• PROBLEM DESCRIPTION
Span requested from the data below: the line with "LINBERGER Stephan 1892" through the line with "Без мамы очень", both included. Give only these lines again, exactly, and leave every picture out.

(Data entries)
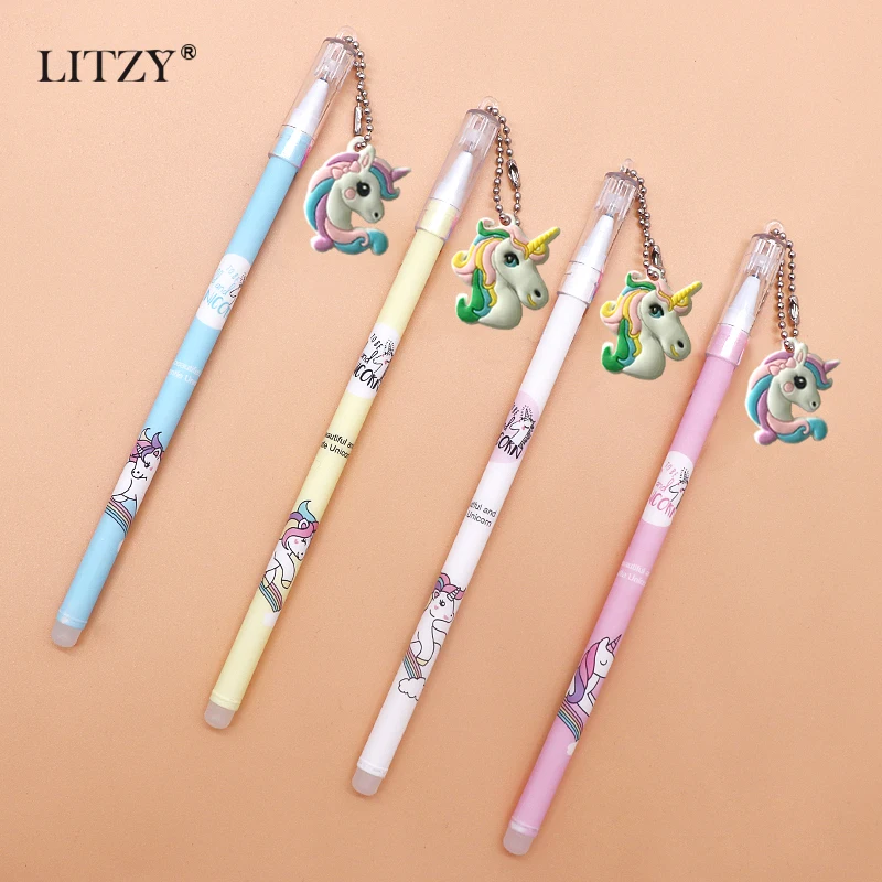 4 шт./партия подвеска «Единорог» стирающаяся ручка с пастой набор стираемая моющаяся ручка стираемая Волшебная гелевая ручки для школы канц...
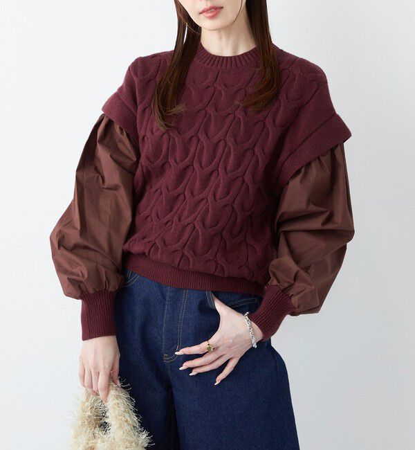 ■25AW■スタイリングの主役になる、ドッキングニット。-デザイン-レイヤードをしているようなデザインのドッキングニット。変形のケーブル編みが秋冬らしさを演出。袖は素材違いの切り替えになって.. |
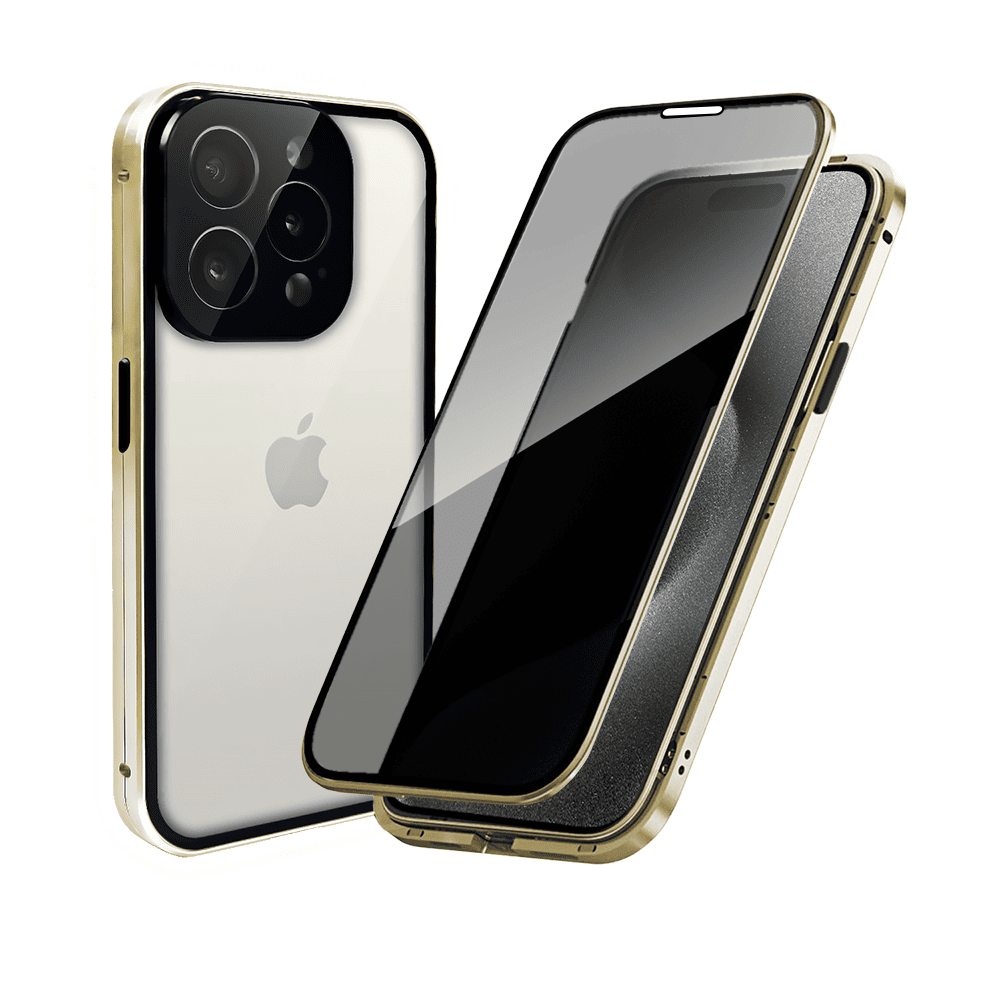 Obudowa do iPhone 15 Pro Max, podwójna szyba i aluminium 360° przód + tył magnetyczna, z osłoną aparatu i szkłem prywatyzującym, złota
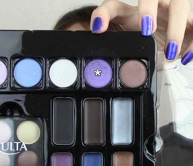 Con un cepillo de sombra de ojos, tome una trémula sombra de ojos púrpura y los sobre los párpados.
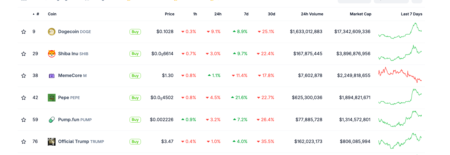 The broader meme coin market continues to mirror Dogecoin’s movement.
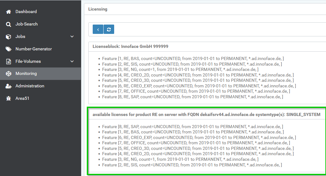 Via Monitoring → Licensing, the import of the new license can be verified. All required features should be listed.
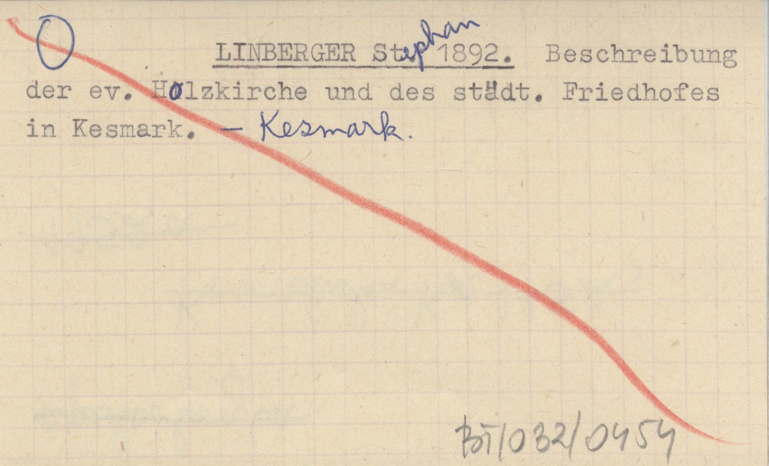 LINBERGER Stephan 1892 Beschreibung der ev. Holzkirche und des städt. Friedhofes in Kesmark.
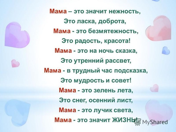 Без мамы очень тяжело, И меркнет всё вокруг. Родней на свете нет её. Она — твой близкий друг.
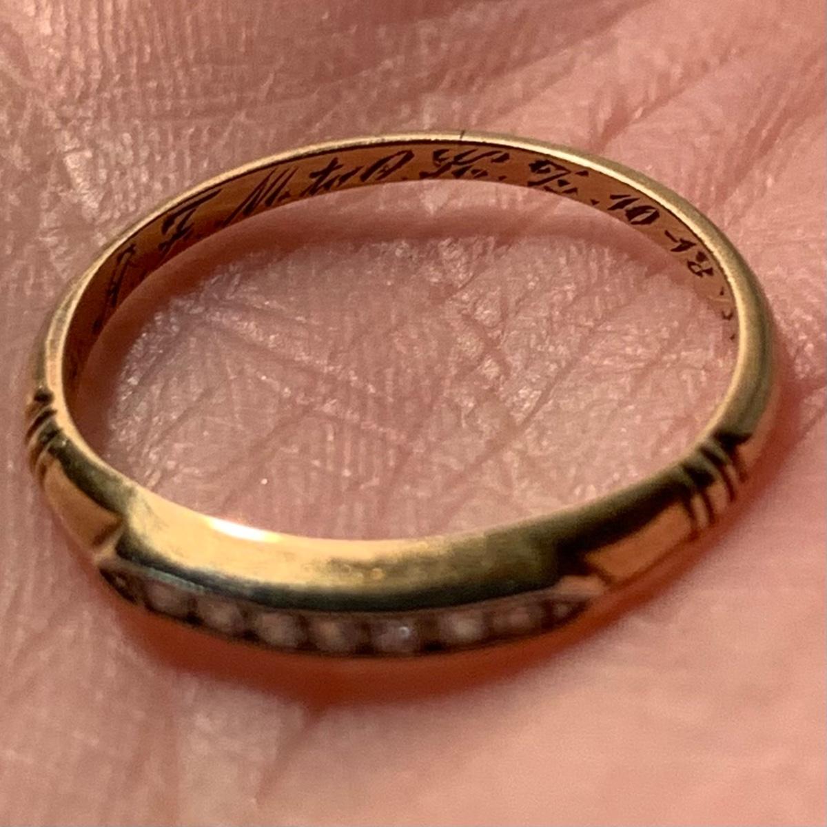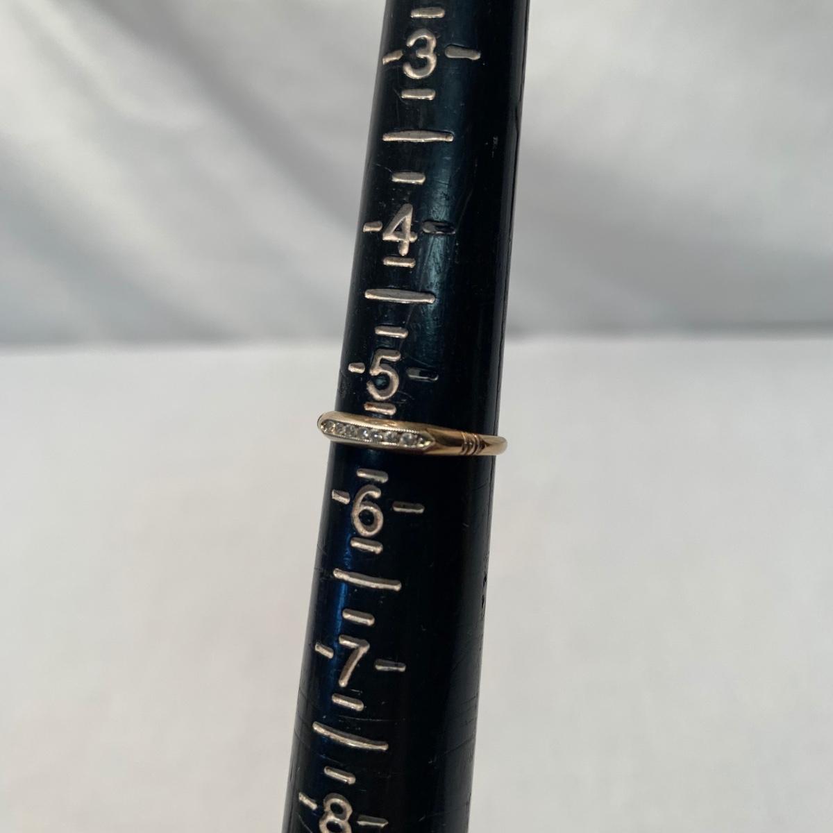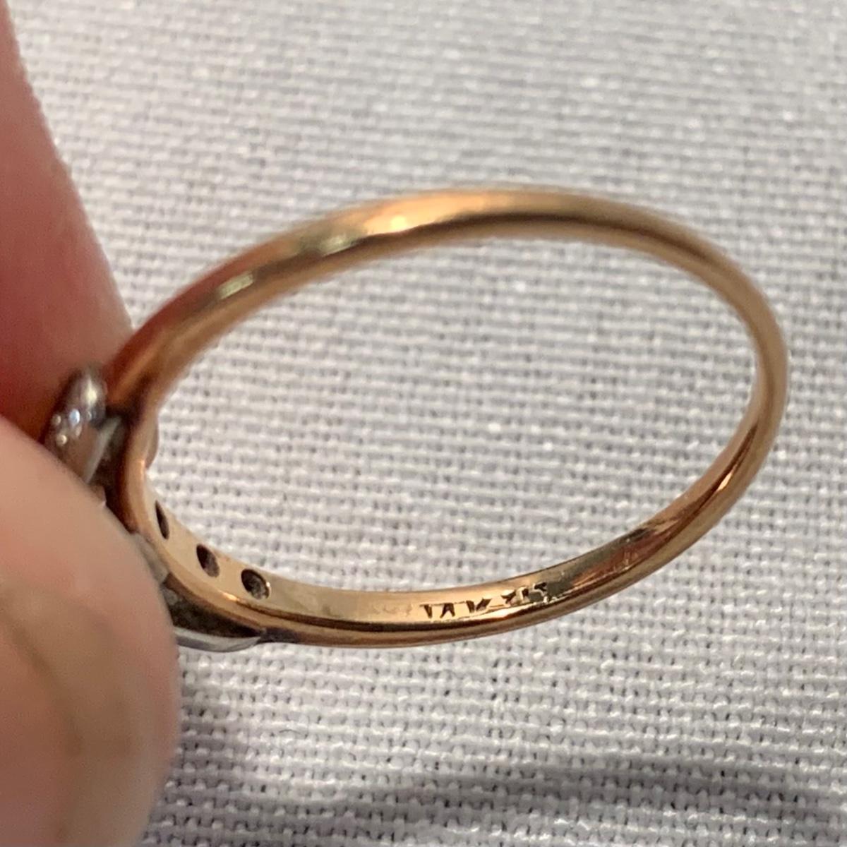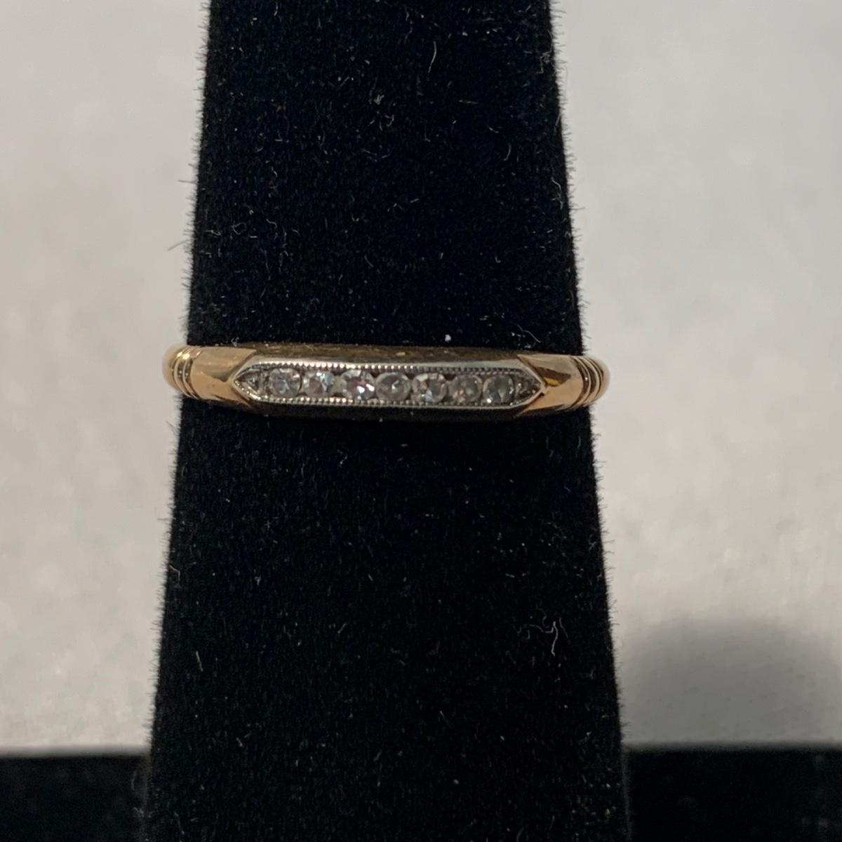 Two beautiful rings make up this set that includes a diamond side-stone engagement ring and a diamond-accented band. Both rings are stamped 14K and our diamond tester indicated that all stones are diamonds. The engagement ring has one main stone with two small ones on each side, and the band has seven small stones. Rings are both size 5.5.

• REPLY
 LINBERGER Stephan 1892 Beschreibung der ev. Holzkirche und des städt. Friedhofes in Kesmark.
 Без мамы очень тяжело, И меркнет всё вокруг. Родней на свете нет её. Она — твой близкий друг.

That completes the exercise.